[[ Provided material, beginning ]]
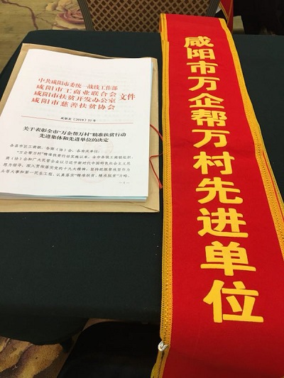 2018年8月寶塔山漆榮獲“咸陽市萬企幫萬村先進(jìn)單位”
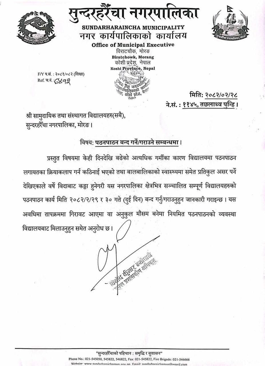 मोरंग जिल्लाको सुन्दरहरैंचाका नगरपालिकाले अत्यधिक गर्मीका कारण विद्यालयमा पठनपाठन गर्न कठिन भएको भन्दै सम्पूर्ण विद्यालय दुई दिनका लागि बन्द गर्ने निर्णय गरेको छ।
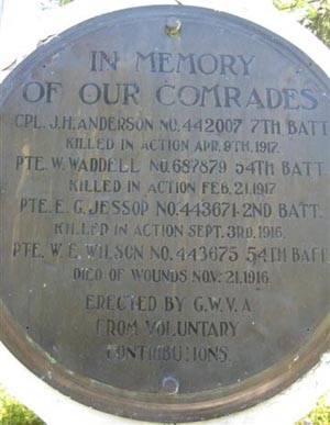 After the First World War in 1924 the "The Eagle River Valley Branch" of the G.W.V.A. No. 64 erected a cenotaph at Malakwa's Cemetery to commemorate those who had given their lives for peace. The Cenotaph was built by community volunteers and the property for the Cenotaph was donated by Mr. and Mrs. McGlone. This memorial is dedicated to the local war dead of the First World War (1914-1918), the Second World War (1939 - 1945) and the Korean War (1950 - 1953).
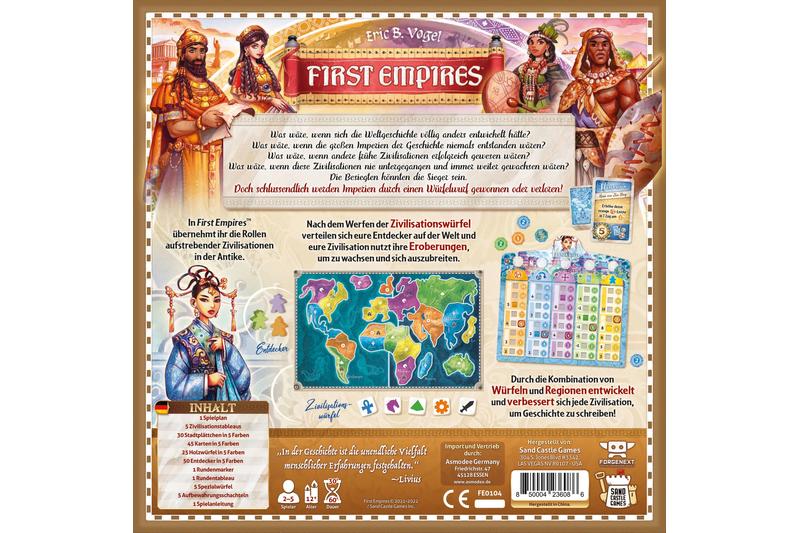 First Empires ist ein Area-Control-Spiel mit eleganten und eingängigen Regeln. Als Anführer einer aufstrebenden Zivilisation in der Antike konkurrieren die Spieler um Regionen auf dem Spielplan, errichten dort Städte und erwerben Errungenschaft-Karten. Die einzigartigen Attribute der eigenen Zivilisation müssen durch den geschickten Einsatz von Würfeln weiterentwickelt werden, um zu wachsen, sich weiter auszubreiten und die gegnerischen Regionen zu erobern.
[[ Provided material, end ]]
Instructions for the task
Everything from the opening line of the data through the line with "After the First" should be repeated exactly; leave the pictures out.

Output for this exercise
 2018年8月寶塔山漆榮獲“咸陽市萬企幫萬村先進(jìn)單位”
 मोरंग जिल्लाको सुन्दरहरैंचाका नगरपालिकाले अत्यधिक गर्मीका कारण विद्यालयमा पठनपाठन गर्न कठिन भएको भन्दै सम्पूर्ण विद्यालय दुई दिनका लागि बन्द गर्ने निर्णय गरेको छ।
 After the First World War in 1924 the "The Eagle River Valley Branch" of the G.W.V.A. No. 64 erected a cenotaph at Malakwa's Cemetery to commemorate those who had given their lives for peace. The Cenotaph was built by community volunteers and the property for the Cenotaph was donated by Mr. and Mrs. McGlone. This memorial is dedicated to the local war dead of the First World War (1914-1918), the Second World War (1939 - 1945) and the Korean War (1950 - 1953).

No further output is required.